Calibration methods are applied after the regular training of the neural network. The scaling parameters are optimized based on the cross entropy loss and the metric is often the expected calibration error (ECE) or NLL. Some other metrics can be found in my last blog post.

References

[1] A. Kendall and Y. Gal, What Uncertainties Do We Need in Bayesian Deep Learning for Computer Vision?, 2017.
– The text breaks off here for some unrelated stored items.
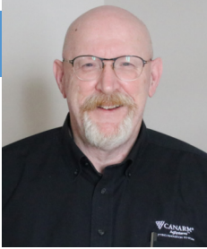
By Rick McBay Natural Ventilation Specialist

Over the years natural ventilation has lagged behind with regards to control technology. This is mainly due to the fact that, unlike mechanical ventilation, which requires a controller to adjust power levels or turn fans and inlets on and off, natural ventilation curtains or panels can be operated with a simple hand crank. The simplicity of this system was appealing both from an initial investment and an operating cost point of view.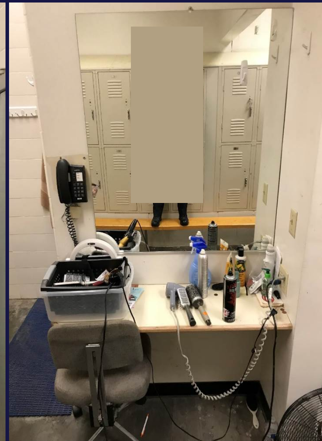
Two sinks / One counter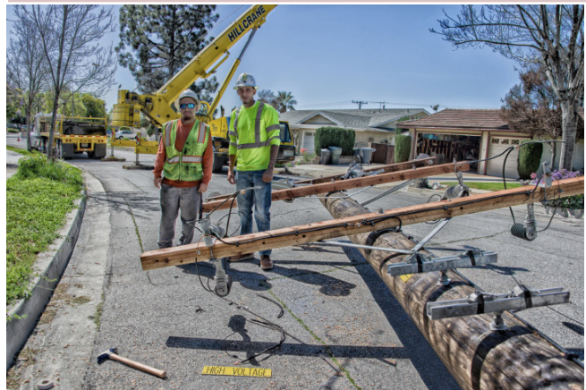
Figure 9.2: Workforce development must reach into all segments of California society, and particularly open doors to minority, women and otherwise previously disadvantaged workers. (Photo: Workers erecting a telephone pole; Russ Allison Loar, flickr, licensed under Creative Commons license 2.0)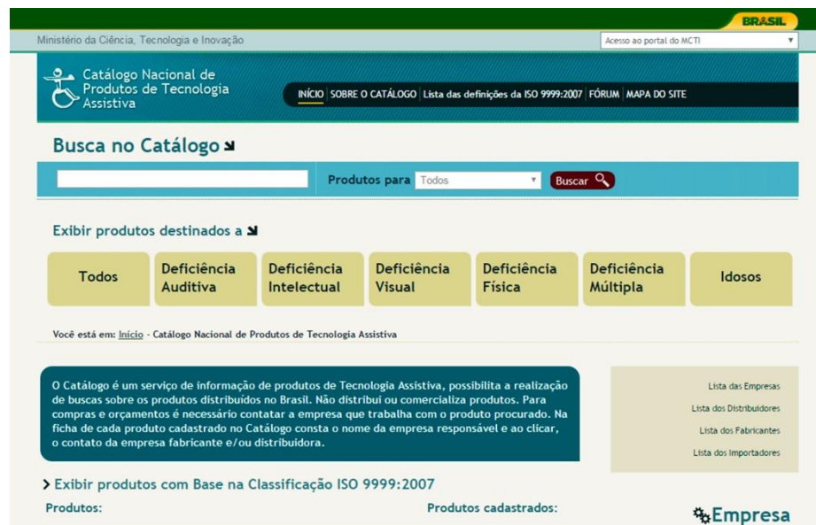
Fig. 1. National Digital Catalogue of Assistive Technology http://www.assistiva.mct.gov.br

New studies on digital interface design consider accessibility in use, taking into account evaluation tools such as those used for usability [13, 14]. In this preliminary study we evaluated the national digital catalogue of assistive technology (CNPTA), which is shown in figure 1.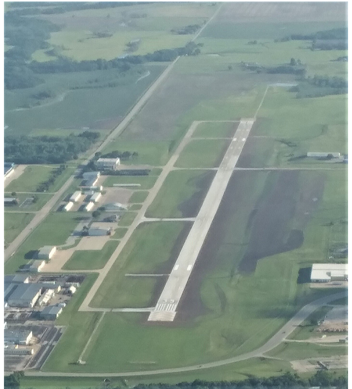
Ponca City Newspaper article describing the work as it was beginning.

Ponca City Open House after runway rebuild project. Nearly 3/4 of the runway was replaced due to cracking, holes, rough surface. Here's an aerial that I took after the concrete was finished but before the runway was opened.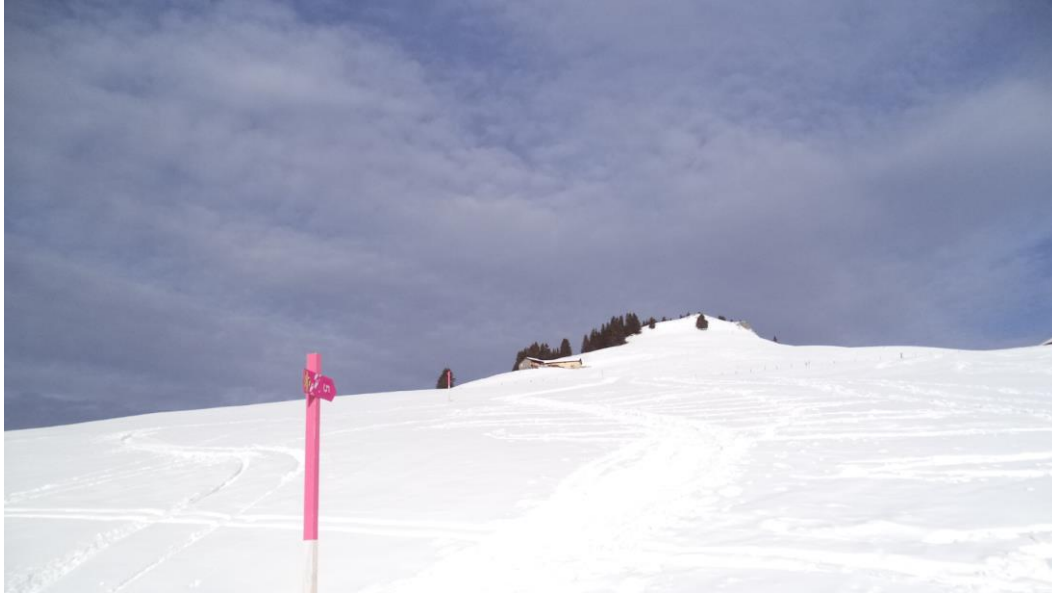
The final approach to the summit.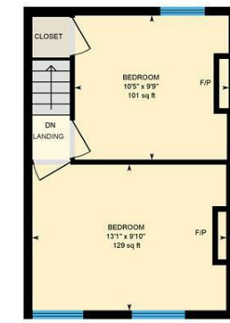
1st Floor Interior Area 262.14 sq ft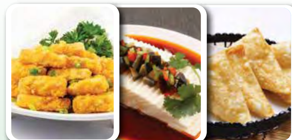
B9 Pumpkin Fries w Salted Egg Yolk 黄金万两 $8.50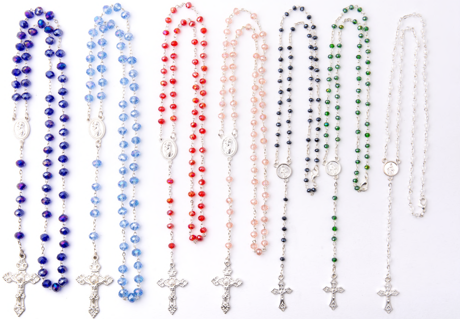
RCD4 - RCD6 - RCD8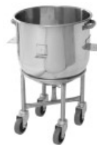
BTF040D BTF060D (Bowl sold separately)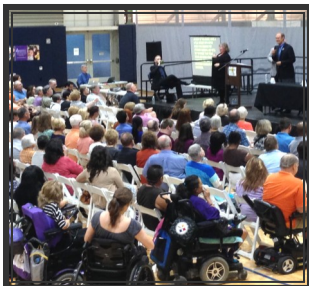
Hundreds attend the 2014 Candidate Forum for Arizona Families.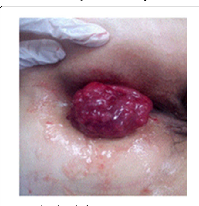
Figure 1: Prolapsed rectal polyp.

The proctological examination in the sims position showed evident prolapse towards the posterior quadrant of the anal margin with a polypoid lesion of approximately 5 cm \times 5 cm, irregular surface, with necrotic areas and fetid seropurulent secretion (Figure 1).

[2] B. Lakshminarayanan, A. Pritzel and C. Blundell, Simple and Scalable Predictive Uncertainty Estimation using Deep Ensembles, 2017.

[3] Guotai Wang, Wenqi Li et al., Aleatoric uncertainty estimation with test-time augmentation for medical image segmentation with convolutional neural networks, 2019.

[4] T. DeVries and G. W. Taylor, Learning Confidence for Out-of-Distribution Detection in Neural Networks, 2018.

[5] A. Ashuskha, A. Lyzhov, D. Molchanov et al., Pitfalls of in-domain uncertainty estimation and ensembling in deep learning, 2020.